Does Mists of Avalon fit into this? Yes, it's knights and witches/priestesses, and it deals with Authurian subject matter which most people group with "middle ages" stuff. Except that it actually takes place in late antiquity, somewhere in the period where paganism started to fade and Christianity started to take hold in Britain (so anywhere between the 3rd - 6th centuries?).

There are a few characters who are (loosely?) based on historical figures, but no, it doesn't really take place in actual Roman Britain.

That said, it's not quite as magical as, say, Tolkien.
posted by Sara C. at 3:08 PM on July 5, 2011

I, Claudius, is, as mentioned, not strictly fantasy genre, but if you haven't glanced at it yet, well, you oughtta get right on it, and soon.
posted by ovvl at 7:46 PM on July 5, 2011

Jacqueline Carey's novels aren't Roman per se, but they're set in a post-Roman, but non-feudal Europe analogue that you may find satisfying.
posted by psycheslamp at 5:14 PM on July 6, 2011

Marion Zimmer Bradley's 'The Forest House' is set in Roman Britain and deals with conflicts between the Romans and Celts.
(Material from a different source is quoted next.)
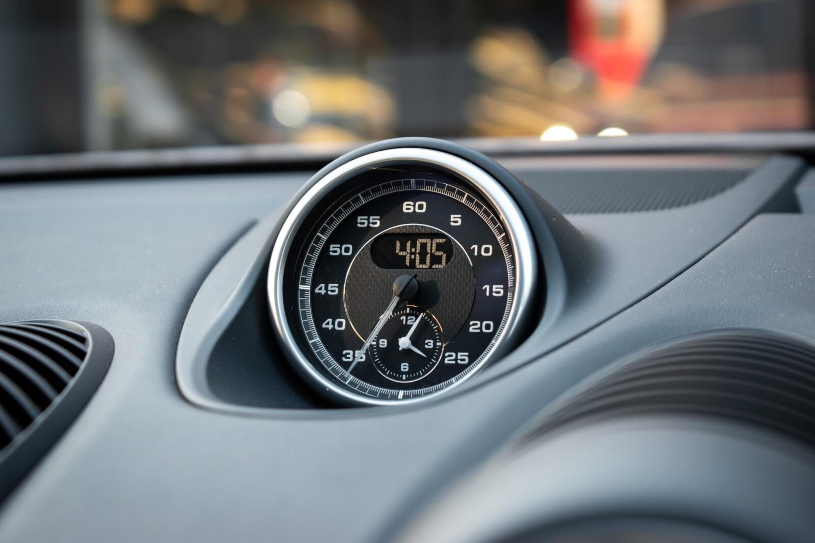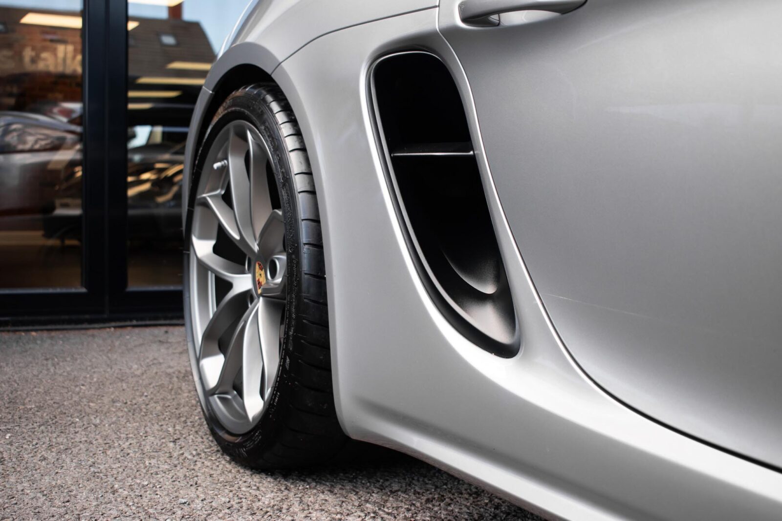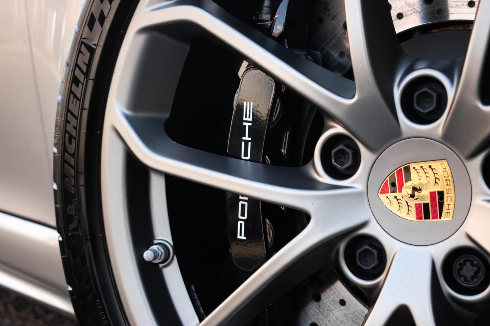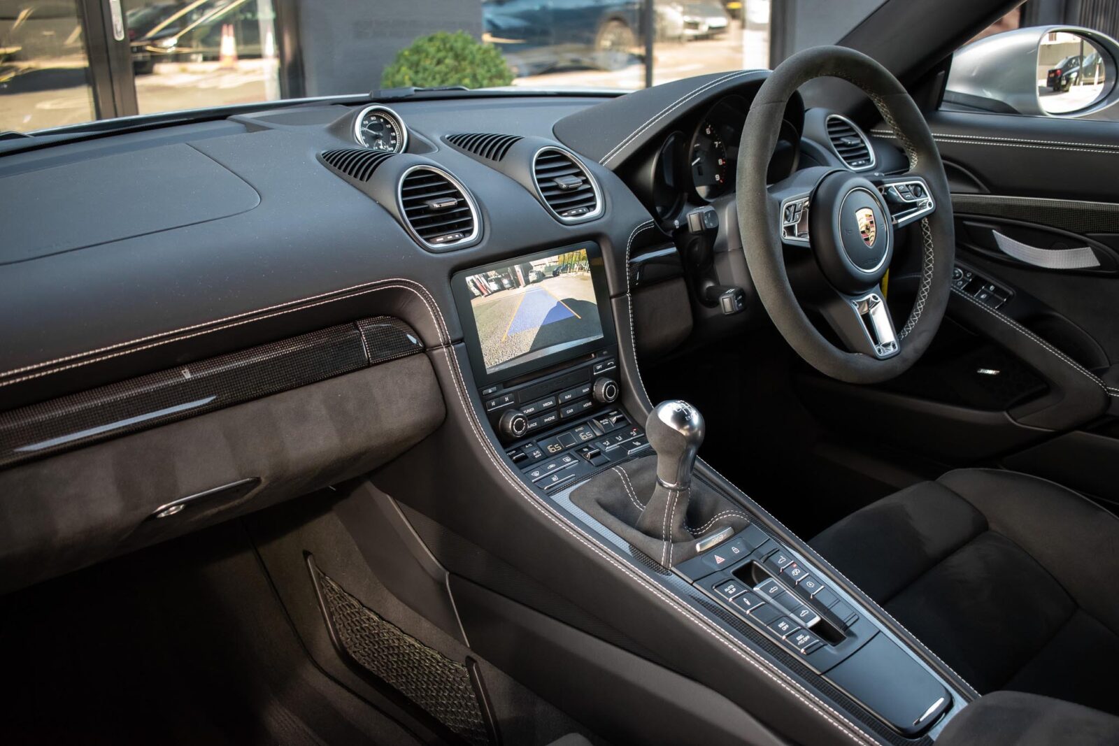 GT Silver metallic. Black Leather / Race-Tex interior with contrast Silver / Grey stitching, extended leather to dashboard and door panels, full electric adjustable 18 way adaptive sports seats plus with lumbar support and memory function, climate control, satellite navigation, Apple CarPlay, BOSE surround sound, Carbon Fibre interior package, alloy wheels finished in Satin Platinum, Silver / Grey seatbelts, Park Assist with reverse camera, LED headlights with PDLS plus, Sports Chrono, switchable sports exhaust system, Black brake calipers, power fold mirrors. Track Pack – Paint protection film applied. Full official Porsche centre service history. Balance of Porsche warranty.

Boadicea is a tangential character, and the fantasy element centres mainly on Celtic mysticism.

Kara Dalkey's 'Euryale' is a fantasy/romance in which the gorgon seeks true love in order to break the curse, set in Rome.
posted by goo at 3:31 AM on July 7, 2011 [1 favorite]

Tanith Lee wrote a set of stories set in an imaginary fantasy empire clearly based on Rome. I think she called it "Remusa." Unfortunately I can't remember what they're called, but a few of them were collected in her best-of book Dreams of Dark and Light. One of the stories was "The Dry Season," about a Remusan soldier in the provinces trying to stop a virgin sacrifice to a pagan god, but I know there was at least one other one in the book, and probably more stories in the same world which didn't make the cut.
posted by Harvey Kilobit at 1:28 AM on July 11, 2011

Also, Gene Wolf's Latro in the Mist comes to mind.